KEVIN HUGHES: That's a great point you bring up. … When I started playing with ChatGPT, when it started to get powerful … I could go in there and say, "I'm this age. I make this much money. My wife doesn't work in my case. She's this old. We have two kids. I have this much money. I'd like to retire at age 65. What's my likelihood of being able to do that?" It came back and said, "Hey, you didn't tell me how much Social Security. Here's approximately how much Social Security someone like you, making what you make, would get. Do you want to include that?" And it was literally guiding me through the what-if scenarios. To your second point, when I was all done with it, yes, I was blown away, but then I said, "Could this pass Morgan Stanley's modern model governance committee on the calculations?" And it did exactly what you saw in Copilot. It was like, "Absolutely not. This is for informational and entertainment purposes.
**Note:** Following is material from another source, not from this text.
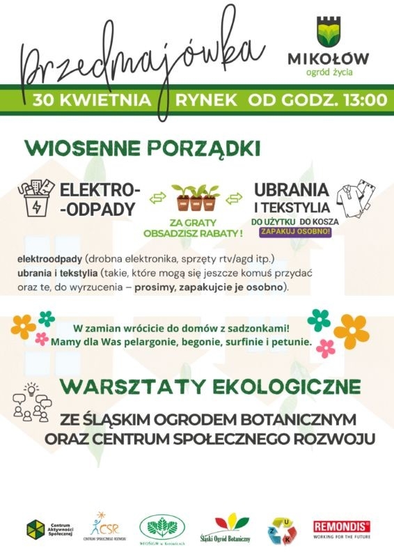 Już 30 kwietnia 2025 roku Rynek w Mikołowie zamieni się w centrum ekologicznych inicjatyw i dobrej zabawy. Podczas Przedmajówki mieszkańcy będą mogli oddać elektrośmieci i ubrania, wziąć udział w warsztatach ekologicznych, obejrzeć spektakl dla dzieci oraz posłuchać największych polskich przebojów na żywo.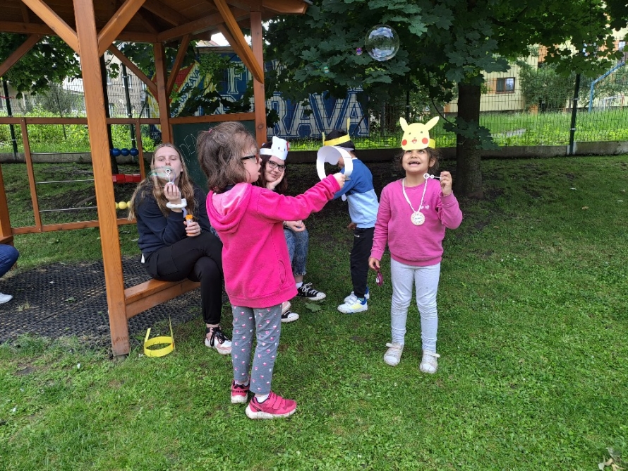 A je tady červen! A ten začíná tím, že všechny děti mají svátek. To jsme si nemohli nechat ujít, a tak hned v pondělí 3.6. nás ve školce čekaly oslavy – soutěžili jsme, mlsali jsme, hráli jsme si na zahradě. Soutěže pro nás, s paní učitelkami, připravily žákyně střední školy, které jsou u nás na praxi. Byly to Kačka, Terezka a Anička. A měly pro nás také krásné papírové medaile… Cílem tohoto dne bylo udělat dětem radost, a věříme, že to se povedlo!

This is not anywhere close to real financial planning software capability, accuracy and long-term planning."
So when a client asks an advisor who is using Advyzon for planning, the advisor can say, "Look, yeah, we use AI to help us be a lot more efficient in the practice, but the financial planning software is real code. If you go into our agentic AI and say, 'Run a retirement plan for so-and-so,' it's running the calculations in the software. … It's all defendable calculations we have a methodology for. So there's no real hallucinating going on there. That's not happening in Advyzon because it's, it's referencing all the data that we already have on the client. AI is guiding you through and pointing out areas that you might have missed in something."
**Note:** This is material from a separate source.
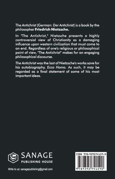 The Antichrist (German: Der Antichrist) is a book by the philosopher Friedrich Nietzsche. In ""The Antichrist,"" Nietzsche presents a highly controversial view of Christianity as a damaging influence upon western civilization that must come to an end. Regardless of one's religious or philosophical point of view, ""The Antichrist"" makes for an engaging philosophical discourse. The Antichrist was the last of Nietzsche's works save for his autobiography, Ecco Homo. As such, it may be regarded as a final statement of some of his most important ideas.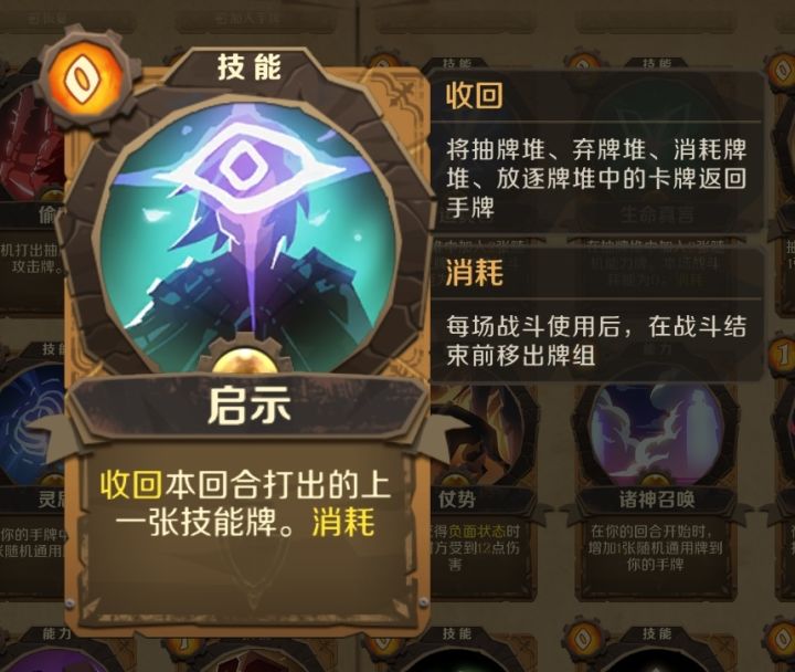 卡牌:符文牌『重塑符』任意品质,技能牌『启示』镶嵌符文牌『消耗符 Ⅲ』。

THINKADVISOR: When it comes to AI, what are you most excited about and what challenges keep you up at night?
KEVIN HUGHES: There are jobs that are inevitably going to change. But humanity always finds a way to adapt. Do the jobs change and become different? Yes.
What keeps me up a little bit at night: Is some AI robot going to be able to do every piece of manual labor out there and suddenly there's just no need for that kind of thing anymore?